Working out magnification
Measure the length of the scale bar in mm.
Convert this to the same units as the scale bar (µm)
Divide scale bar length by actual object scale bar length. (Written on scale bar.)
E.g. 1. scale bar is 13mm. 2. 13 × 1000 = 13 000 µm 3. 13 000 / 1 = 13 000x magnification
Magnifiying power
Calculating the total magnification of a microscope = ocular lens power x objective lens power.
Eyepiece is normally 10x for light microscope

Calculating the size of a cell viewed under a microscope
To work out the size fo a cell, you divide the number of cells you can see in the FOV by the diameter of the FOV. This equals the measure length of each cell (mm) - is not the actual length of the cell.
A cell at x100 magnification which fills the FOV is about 1.5mm across. If there are two cells, each is about 0.75mm cross. This is the measured length of the cell.
To calculate the actual length of the cell, divide the measured length by the magnification.
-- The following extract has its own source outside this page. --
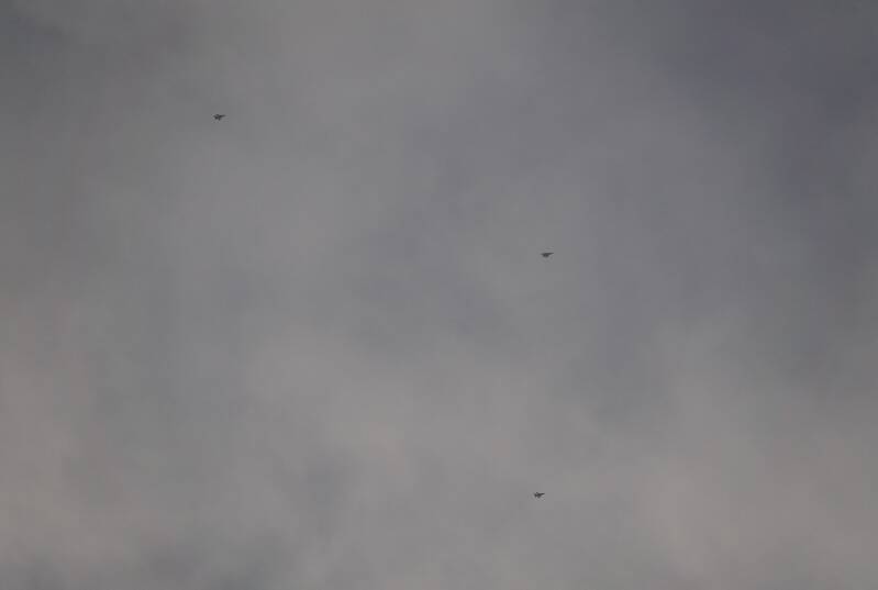 Canadian, Dutch, German and Danish transport evacuation flights while a RC135 flies patterns.

Field of view (mm)/number of cells = measured length of each cell (mm)
E.g. a microscope with ocular x 10 and objective x 40 (average three cells visible across). Total magnification = 10 × 40 = X400. FOV = 450µm (from table) Measured length: 450µm/3 cells = 150µm

Field of View (FOV)
Is the area seen with the eyepiece. The width of the FOV can be emasured using a mini grid slide.